Just emailed canton because I see in the description that it says it fits a sportsman block (talking about your second link), so I wonder if that means it isn't meant for a factory block? I'm not sure the difference between the two concerning the oil pan.

I also asked them if it will fit with a main girdle.

I really like that this pan uses a factory pickup and maintains factory dimensions overall. If it will fit the main girdle I'll be a happy man lol

I'll update everyone with their response.:nice:
 
How far above the bottom of your K-member is the bottom of your t-sump pan? If the bottom of their deep sump pan will end up higher than the bottom of my k-member I'll be happy with that. I just want to use the k-member as protection for the oil pan. The roads here in Pittsburgh are ruthless on a lowered car so I have to keep that in mind.

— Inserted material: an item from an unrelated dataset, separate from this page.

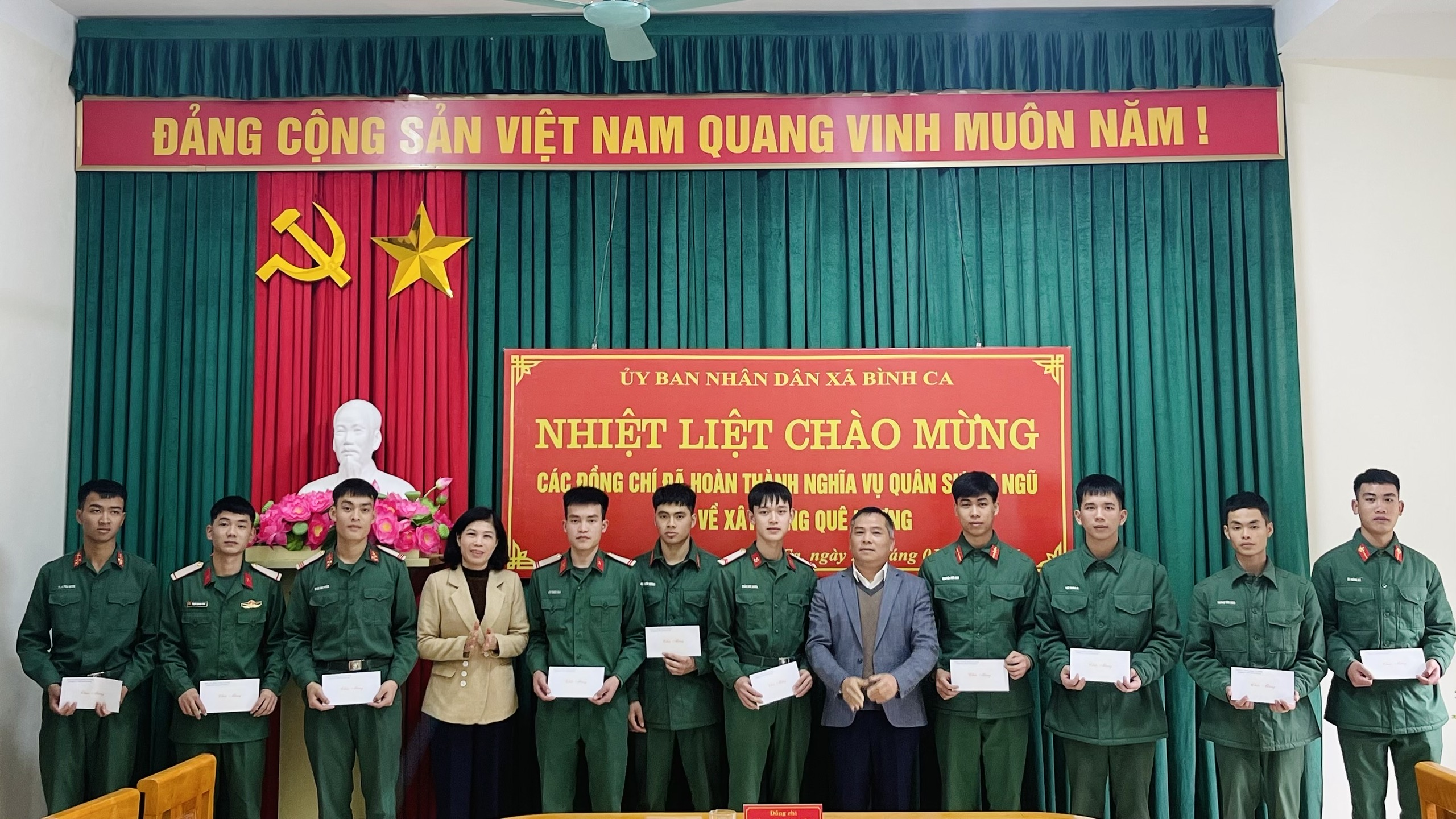 Nhân dịp này, Ủy ban Nhân dân xã Bình Ca đã tặng quà cho các đồng chí hoàn thành nghĩa quân sự trở về địa phương.

I know the deep sump will be almost dead even with your stock k-member, may be little lower like .5 inch. We got our share of humps and bumps here in California too, You really don't need the road-race pan for the daily driver or the weekend street strip car, I wish i just bought a deep sump pan or the stock eliminator pan and add the bigger oil cooler to hold the extra quart of oil.

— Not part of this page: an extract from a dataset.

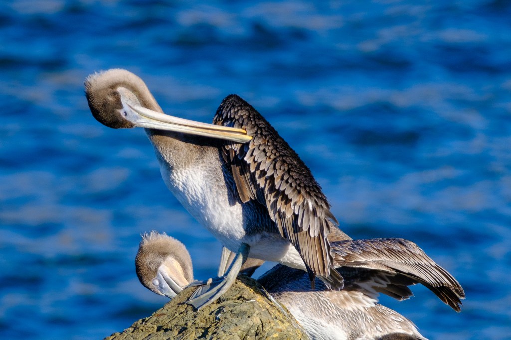 On land, Pelicans obsessively preen their feathers. Occasionally one takes off, flies over the waves, and lands again in a different spot. Are they just visiting other Pelicans? Are they testing their feathers, checking if the preening is satisfactory? There are hundreds of them in the area in fall, but they vanish in winter. These photos were taken at the Mendocino Headlands in the fall.

My car is very low too, but i would worry too much, Just be careful when going over humps or bumps and you will be fine.:nice:
 
Just emailed canton because I see in the description that it says it fits a sportsman block (talking about your second link), so I wonder if that means it isn't meant for a factory block? I'm not sure the difference between the two concerning the oil pan.

I also asked them if it will fit with a main girdle.

I really like that this pan uses a factory pickup and maintains factory dimensions overall. If it will fit the main girdle I'll be a happy man lol

I'll update everyone with their response.:nice:

Dan

Make your life easier and call and talk to Nick @Canton, He is very helpful, Tell him Leo sent you because you got 94-95 mustang as well. he will tell you exactly what you need :)
 
I run the Moroso pan, and it is about dead even with the stock K-member. My honest recommendation for a street engine is to just run a stock oil pan. A bigger oil pan only means more oil to change every oil change. If I was revving an engine high enough to require a girdle, I would just get a 4 bolt main block.

Kurt
 
What Kurt say is very true, on daily driver or street car, you do not need aftermarket oil pan, But if you absolutely want to upgrade to something and itching to do so like i do or did, Get 13-600 - 302 STOCK ELIMINATOR REAR SUMP PAN, Same as stock and has built in scraper, Bolt on and be done. But no oil level bung, you will either have to make one or just get rid of the stocker and check oil often.
 
I do not want an aftermarket oil pan, I want a main girdle. Unfortunately I can't run a stock pan with it. I'm investing over $5k into this motor so I will feel much better with a girdle on it since plans call for a procharger next winter. In response to going to a 4 bolt main block, I can't justify the extra expense of upgrading to one when the cost of a main girdle plus a pan to fit is less than $600.

I'll be calling Canton at lunch today to get it all figured out. The email was no help, whoever responded to me from Canton just copied and pasted the description from their website back to me about the stock eliminator pan.
 
The girdle has nothing to do with a blower. The girdle is just there to keep the mains from walking when you rev it to 7000 rpms. It doesn't make the block any stronger.

Kurt
 
The girdle has nothing to do with a blower. The girdle is just there to keep the mains from walking when you rev it to 7000 rpms. It doesn't make the block any stronger.

Kurt

You're right about the blower, the blocks will split through the lifter valley with or without a main girdle.

That said, Woody at fordstrokers seems to know his stuff and he said the girdle is not a bad idea, I plan to rev this thing to probably 6400 or so, I just want to make sure the mains stay put. It's easier to put on a main girdle now, than to change my mind and have to pull the motor if I want to install one later.